__Your objective__: Below are the records; give again exactly the lines from the one containing "Metallic-looking swirls in" through the one containing "23级法律事务(行政执法方向", leaving out pictures.

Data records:
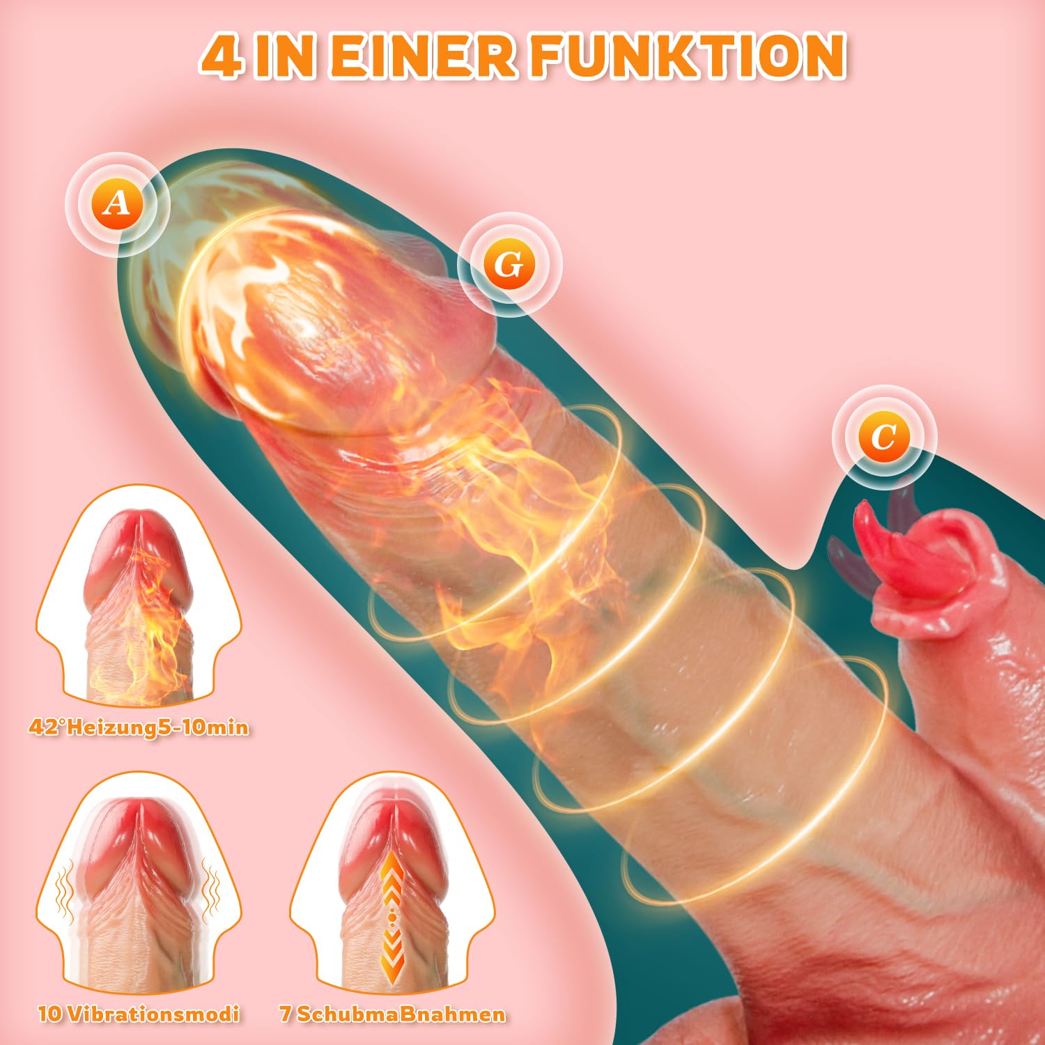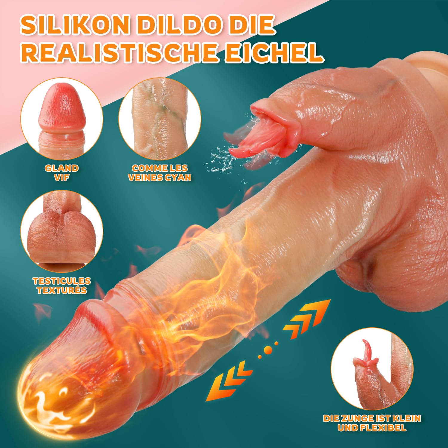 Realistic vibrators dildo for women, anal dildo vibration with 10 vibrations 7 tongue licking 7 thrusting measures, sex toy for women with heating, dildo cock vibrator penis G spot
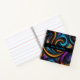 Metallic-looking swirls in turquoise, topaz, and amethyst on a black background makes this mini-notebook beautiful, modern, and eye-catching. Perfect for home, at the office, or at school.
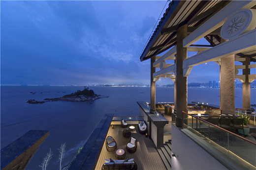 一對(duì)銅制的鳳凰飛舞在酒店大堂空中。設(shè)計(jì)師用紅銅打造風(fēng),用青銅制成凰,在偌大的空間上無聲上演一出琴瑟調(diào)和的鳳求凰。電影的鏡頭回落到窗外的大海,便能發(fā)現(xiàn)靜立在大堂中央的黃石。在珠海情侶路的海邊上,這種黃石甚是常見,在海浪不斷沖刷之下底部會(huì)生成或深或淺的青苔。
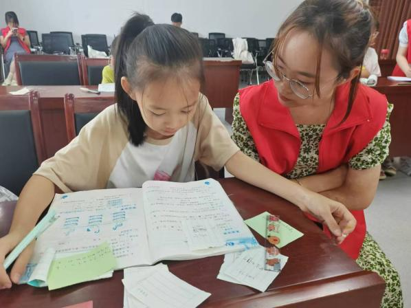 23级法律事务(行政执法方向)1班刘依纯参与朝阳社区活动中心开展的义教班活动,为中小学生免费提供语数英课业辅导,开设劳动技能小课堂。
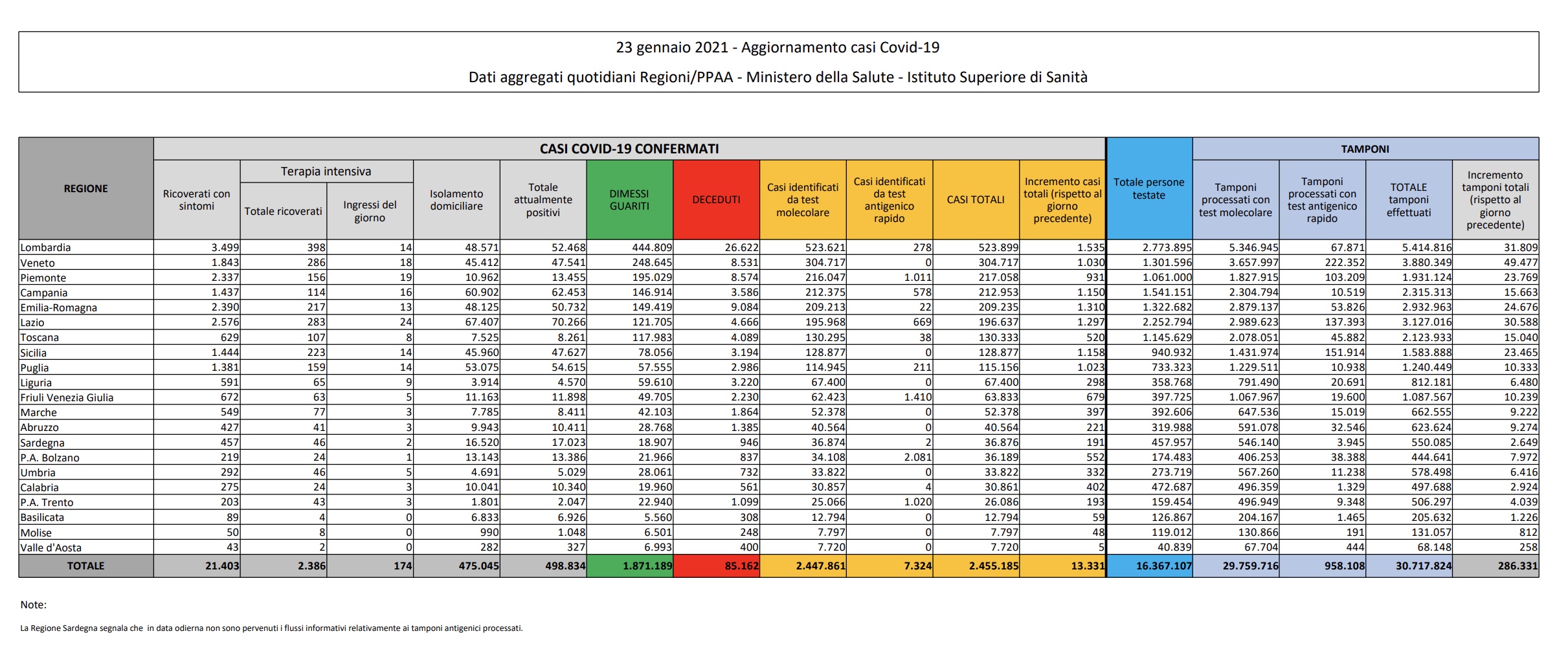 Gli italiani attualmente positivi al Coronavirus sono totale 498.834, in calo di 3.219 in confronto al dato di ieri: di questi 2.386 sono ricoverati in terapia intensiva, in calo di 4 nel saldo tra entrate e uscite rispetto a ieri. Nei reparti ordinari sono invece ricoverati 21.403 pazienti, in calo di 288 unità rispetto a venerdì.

__Answer to this problem__:
 Metallic-looking swirls in turquoise, topaz, and amethyst on a black background makes this mini-notebook beautiful, modern, and eye-catching. Perfect for home, at the office, or at school.
 一對(duì)銅制的鳳凰飛舞在酒店大堂空中。設(shè)計(jì)師用紅銅打造風(fēng),用青銅制成凰,在偌大的空間上無聲上演一出琴瑟調(diào)和的鳳求凰。電影的鏡頭回落到窗外的大海,便能發(fā)現(xiàn)靜立在大堂中央的黃石。在珠海情侶路的海邊上,這種黃石甚是常見,在海浪不斷沖刷之下底部會(huì)生成或深或淺的青苔。
 23级法律事务(行政执法方向)1班刘依纯参与朝阳社区活动中心开展的义教班活动,为中小学生免费提供语数英课业辅导,开设劳动技能小课堂。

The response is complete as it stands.